Photography Illiterates of the Digital Present?
The title of this contribution recasts in 2023 Lázló Moholy-Nagy’s 1927 prediction for the future of photographic literacy:“[…] der fotografie-unkundige [wird] der analfabet der zukunft sein […]. die fotografie wird in der nächsten periode ein unterrichtsfach wie heute das a b c und das einmaleins sein.”1 Now, a century later, I wonder: Are we still photography illiterates, particularly as we are surrounded by visual material more than ever? Or have we gone through a photographic or visual literacy training in the meantime? As a subject in schools, some of us may have received such a training in art classes or in photo clubs. In college, when studying art history, film studies, or maybe even the theory and history of photography specifically, students receive training in analyzing a photograph’s style, framing, composition etc. But these students make up only a small fraction of the broader public, or even just the academic public in the Humanities and also Digital Humanities (DH), which largely deals more with textual data than with visual material. Thus, it came as a surprise to me when I read in Sander Münster and Melissa Terras’ 2020 article “The Visual Side of Digital Humanities”2 that visual DH has a “grounding in visual literacy” (367), considering that Digital Humanities has—like the Humanities in general—until recently focused on “text and related methodologies such as distant reading and macroanalysis” (i3), as Taylor Arnold and Lauren Tilton remark in their article on distant viewing in DH.3 The idea of a grounding in visual literacy assumes that both creators and users of visual DH projects possess visual literacy as a competency which they utilize for these projects, thus fusing both visual and digital literacy. Yet what does visual literacy imply in this context, in which some of the literacy may be taken on by the computer? Are users, including researchers, of these online applications losing their visual literacy in the digital context, and becoming visual illiterates of the digital present? Or is there something to be gained here, particularly for researchers who did not receive formal training in working with visual material?

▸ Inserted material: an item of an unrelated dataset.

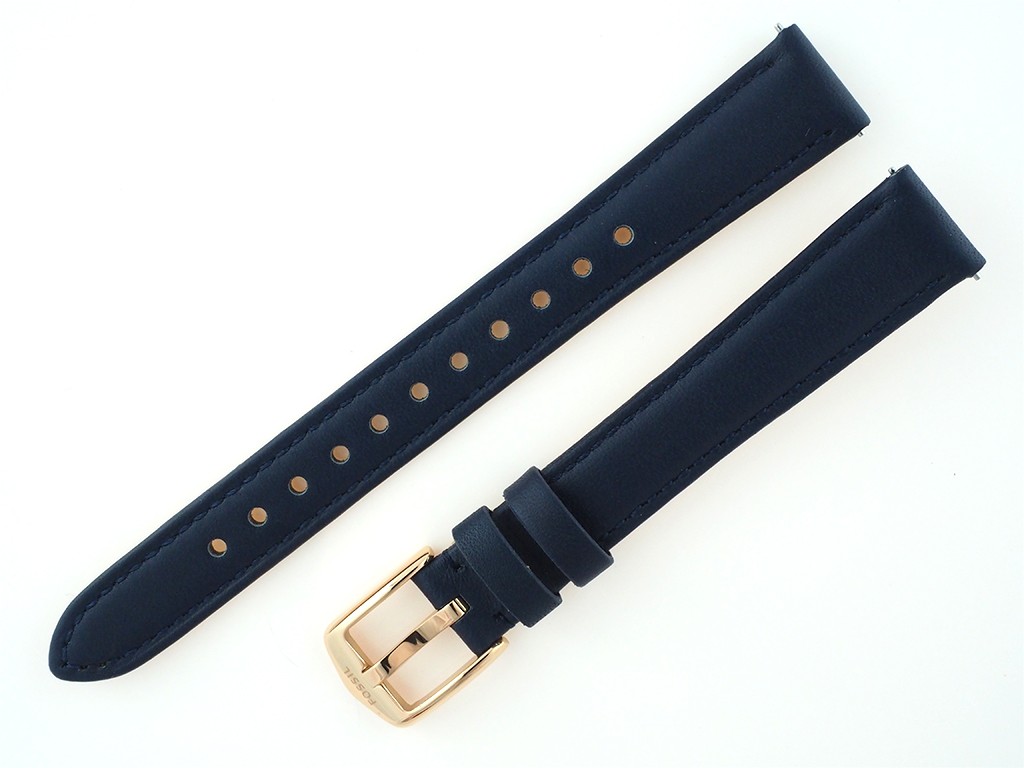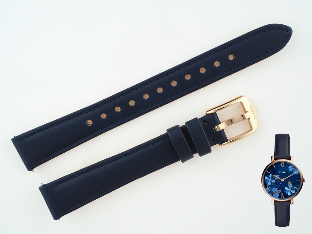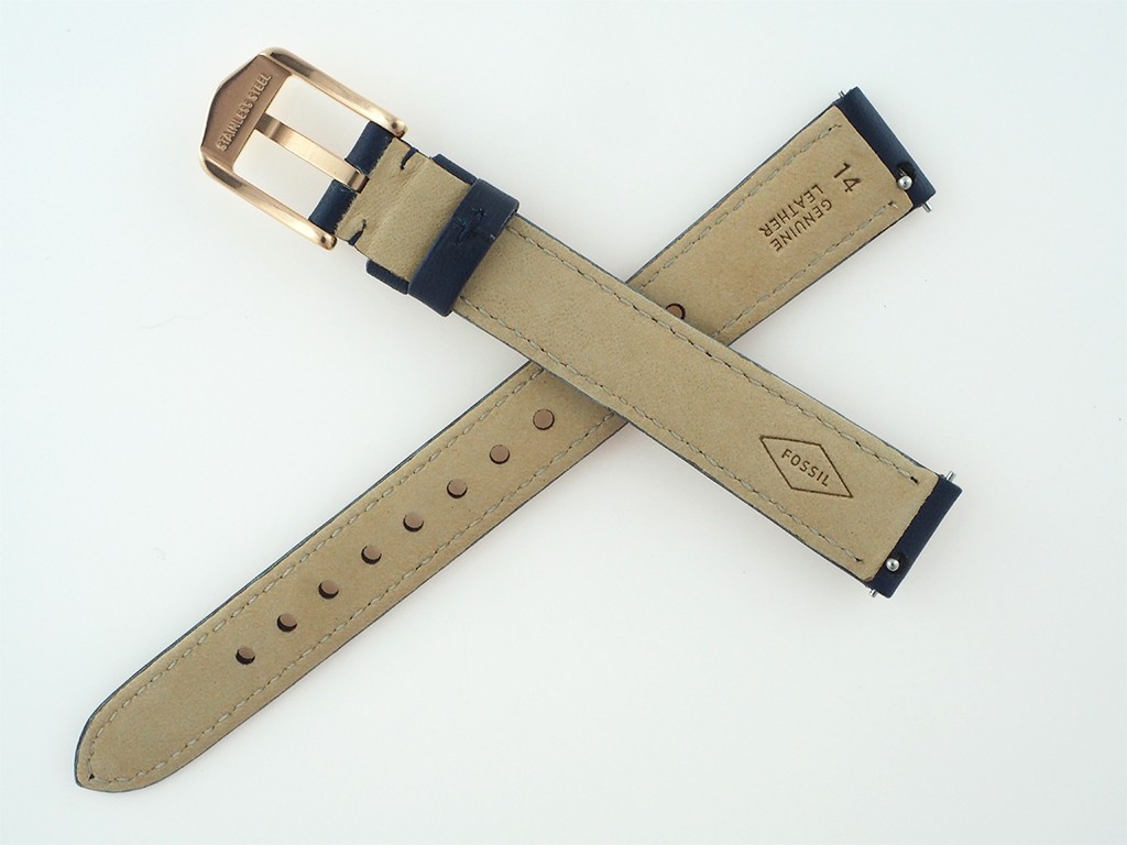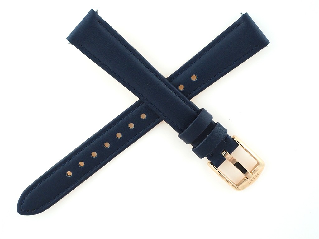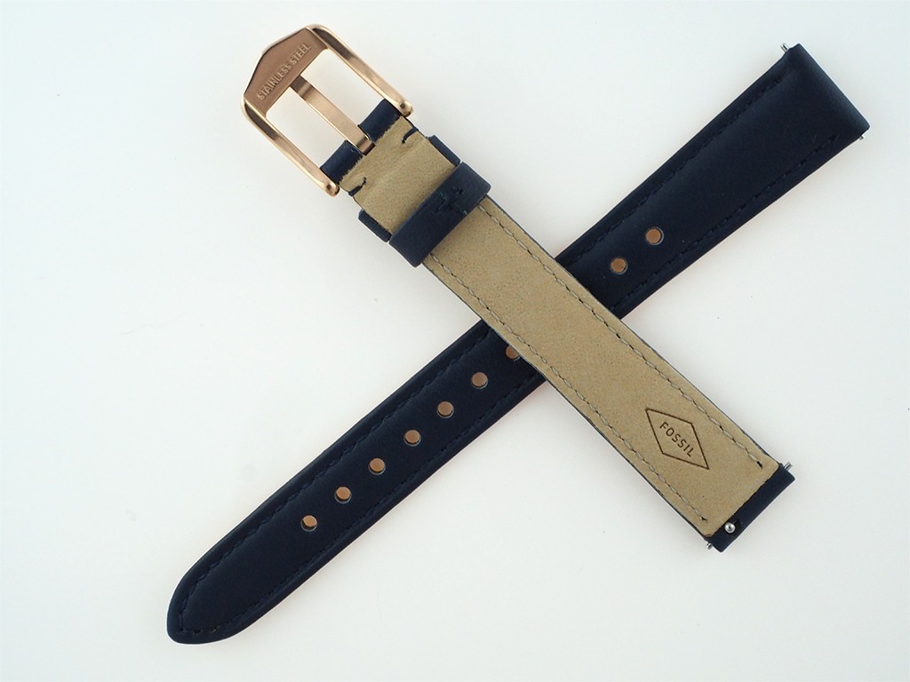 Oryginalny pasek do zegarka Fossil do modelu ES4673 skórzany, gładki, przeszyty, granatowy, sprzączka wykonana ze stali nierdzewnej w kolorze różowego złota, na sprzączce wybity napis Fossil.

Visual Literacy Training for Photobook Research
Trained as a scholar of German-language literature in both Germany and the United States, I only began to build my expertise in visual culture during my doctoral studies, starting with film studies and eventually moving on to focus on photography and photobooks in particular. In my research on photobooks of Weimar Germany, I mainly examine works that contain a significant amount of texts, ranging from captions and poems to long-form essays. Despite this quantity of textual elements, photographs also play a significant role in that their relationships with texts and with each other go beyond a mere illustrative function. Trained to work with texts, I perceived the photographs at first only as illustrations—based on my personal experience with reading illustrated magazines—until I realized they are often at odds with the text, sometimes even disrupting it or creating their own visual narratives. Analyzing the photographs, it became clear that not just single photographs and their placement on the page matter, but also their relationships to each other in sequences often spanning more than one or two pages. However, the latter significance only became clear to me once I questioned my visual literacy, which up to this point allowed me to work with single photographs, but not with sequences of photographic material that influence the way the accompanying texts are read and viewed. In order to train my visual literacy and adapt it to the specificity of the photobook medium, I took the unconventional route of cutting up its pages, removing the photos so as to analyze the impact on the text and the page layout. Once the photographs are cut out, their sizes and formats started to stand out more; by putting them next to each other, both their relationships to each other and their differences in genre became clearer. Yet the original text-image relationship did not disappear, as analyzing the text and its references to the photos, or lack thereof, started to clarify the text’s role in the photobook. This practice of de-montaging the book highlighted the photos’ various relationships to the text and to each other via their absence from the book’s pages.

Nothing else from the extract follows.